AĞLAR KAYA KAHRAMANI 
ÜSTEĞMEN ULVİ
Cihan Harbi’nin bitmez tükenmez muharebeleri içinde; daima sağlam maneviyatıyla, bütün yokluklara rağmen kazandıkları zaferlerle tarihte büyük işler başarmış Türk orduları, gün olmuştur ki, zayıf hücumlarına, azlığına rağmen yine çarptığı hedefleri kırmış, parçalamış ve bir avuç Mehmet karşısında bir kaya kadar sert duran düşman tuzla buz olmuştur.
Tarihe bakıyoruz. Üç tarafı kesme kaya üzerine oturmuş ve her tarafı o zamanki silahların yıkamayacağı kadar sağlam yapılmış ve uzaktan göğe baş kaldırmış heybetiyle zabtedilmez sanılan Eğri kalesi, Türk askerinin kahramanca hücumları sayesinde ve bütün Avrupa'nın hayretini kazanacak derecede kısa bir zamanda zapt olunmuştu.
Kanijeyi, Plevneyi, İşkodrayı savunan, Şıpkaya, Conkbayırı’na, Tınaztepe’ye, Kutkaya’ya saldıran ruh, hep aynı milletin fedakâr evlatlarının tarih boyunca tanınan geleneğinin, kudretini ispata yeterli değil midir? Türk için zapt olunmaz kale, aşılmaz mani, yıkılmaz engel, mağlup edilmez ordu yoktur. O, silah eksikliğini içindeki cevherle takviye eder ve daima her yerde, her zaman düşmanından üstün görür.
Kafkas cephesinin tarihini okuyanlar ve burada çarpışanlar bilir. Burada semaya ser çekmiş çıplak uçurumları, ıssız vadileriyle, korkunç zirveleri, yazın bile insana dehşet veren bu dağlarda, insan boyu karlar eriyince, birliklerimiz buralarda Ruslara ve işbirliği yaptıkları Ermenilere karşı  kahramanca savaştılar. Aşılmaz sanılan dağlardan toplarını aşırdılar ve düşmana bu dağları mezar yaptılar.
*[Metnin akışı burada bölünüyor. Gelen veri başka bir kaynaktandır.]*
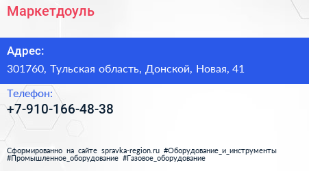 Маркетдоуль по адресу 301760, Тульская область, Донской, Новая, 41 в дальнейшем Организация, размещена в следующих категориях:

9 Haziran 1915’de 2900 rakımlı Karadağ, 94. Alayın kahramanca hücumları neticesinde ele geçirilmişti. Bu dağda meydana gelen muharebe de bombası ve mermisi tükenen Mehmetler, kaya parçalarını kopararak düşmana attılar. Düşmanın göz açtırmayan ateşine göğüslerini siper ederek, taarruzlarına devam ettiler. 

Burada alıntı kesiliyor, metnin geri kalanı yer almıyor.